Abu Dhabi, UAEWednesday 17 July 2019

Iran's Zarif withdraws Nazanin Zaghari-Ratcliffe prisoner swap after criticism

Jeremy Hunt said there was a huge difference between the two women being held, and Ms Zaghari-Ratcliffe is innocent

Iran's Foreign Minister Mohammad Javad Zarif has proposed a prison swap for British charity worker NazaninZaghari-Ratcliffe. REUTERS
Iran's Foreign Minister Mohammad Javad Zarif has proposed a prison swap for British charity worker NazaninZaghari-Ratcliffe. REUTERS

Iran has stepped back from an offer to exchange British-Iranian prisoner Nazanin Zaghari-Ratcliffe for an Iranian woman being held in Australia.

Iranian Foreign Minister Mohammad Javad Zarif on Wednesday suggested a swap between Nazanin Zaghari-Ratcliffe, who is in jail in Tehran on claims of sedition, and Negar Ghodskani, an Iranian woman detained in Australia on a US extradition warrant.

But on Thursday he rescinded the offer, saying Ms Zaghari-Ratcliffe’s case could not be considered in a prisoner swap.

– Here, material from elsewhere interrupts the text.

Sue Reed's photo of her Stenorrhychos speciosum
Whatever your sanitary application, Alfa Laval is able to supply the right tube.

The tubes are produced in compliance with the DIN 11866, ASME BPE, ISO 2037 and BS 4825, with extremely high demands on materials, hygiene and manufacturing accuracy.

It was a “separate case”.

British Foreign Secretary Jeremy Hunt had earlier dismissed the suggestion of a prisoner swap for the British mother as a "vile" diplomatic ploy and said there was a "huge difference" between the two women.

"The woman in jail in Australia is facing due process, a proper legal procedure, and she is alleged to have committed a very serious crime," Mr Hunt said.

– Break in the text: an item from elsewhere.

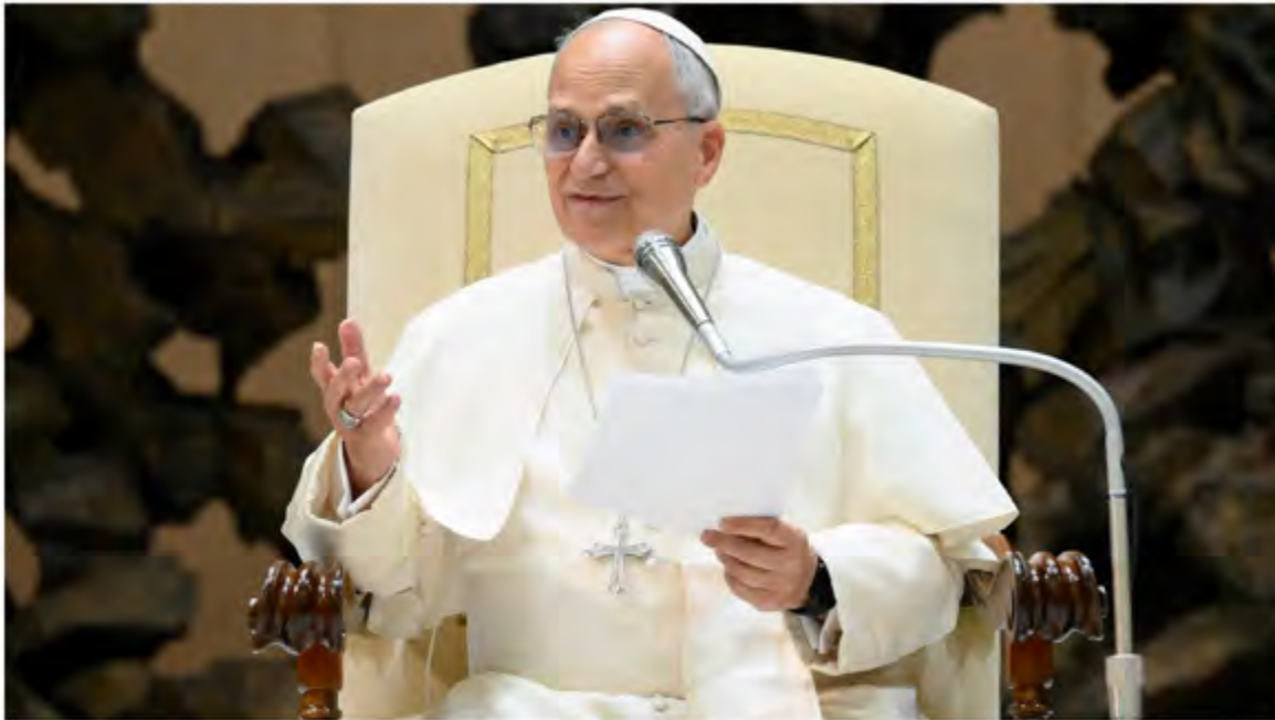
Pope Leo XIV speaks to Vatican employees and their families during his annual pre-Christmas meeting with them in the Paul VI Audience Hall at the Vatican Dec. 22, 2025.

"Nazanin Zaghari-Ratcliffe is innocent. She has done nothing wrong.

"What is unacceptable about what Iran is doing is that they are putting innocent people in prison and using it as leverage.

"They're saying, 'We'll only release this innocent Brit if you'll do something that suits us diplomatically'."

Richard Ratcliffe, Ms Zaghari-Ratcliffe's husband who has been campaigning for her release, said he was "blindsided" by the offer as he followed Mr Zarif's speech on Twitter.

He said he did not think was is the "way forward".

"It's clearly a hopeful thing that he was talking about her release explicitly," Mr Ratcliffe said.

"At the same time, linking her in a public way to a big, complicated deal that is almost impossible to do because it's been made public could easily be a displacement tactic."

Ms Zaghari-Ratcliffe worked for the Thomson Reuters Foundation and was arrested in 2016 while visiting relatives for the Persian New Year.

Iranian authorities accused her of plotting against the government and gave her a five-year jail sentence for sedition.

Britain has taken the unusual step of granting her diplomatic protection in a bid to free her.

Ms Ghodskani, a legal resident of Australia, was arrested in 2017 after US prosecutors said she sought US digital communications technology by presenting herself as an employee of a Malaysian company.

US prosecutors said she was sending the technology to Iranian company Fanamoj, which works in public broadcasting.

Both women have been separated from their young children while being detained.

Mr Ratcliffe has also been separated from his daughter Gabriella, who was with her mother when she was detained in Iran and has since stayed in the country with her grandparents.

The prospect of Gabriella's possible return to Britain after her fifth birthday this June is causing Ms Zaghari-Ratcliffe even more anguish, he said.

Mr Ratcliffe said his wife was lifted by the British government's decision to grant her diplomatic protection in March.

But he said that "generally, her spirits are gradually sinking now".

Robert O’Brien, Donald Trump’s special envoy for hostage affairs, told the National this month that there would be “no concessions, no prisoner swaps, no pallets of cash” to secure the release of US citizens.

He also said that Mr Zarif had reneged on a promise to release Siamak Namazi, a US citizen who lived in Dubai, who was imprisoned in Iran in 2015.

Mr Trump has signalled that bringing back prisoners held around the world is a priority for his administration but he has had little success with Iran.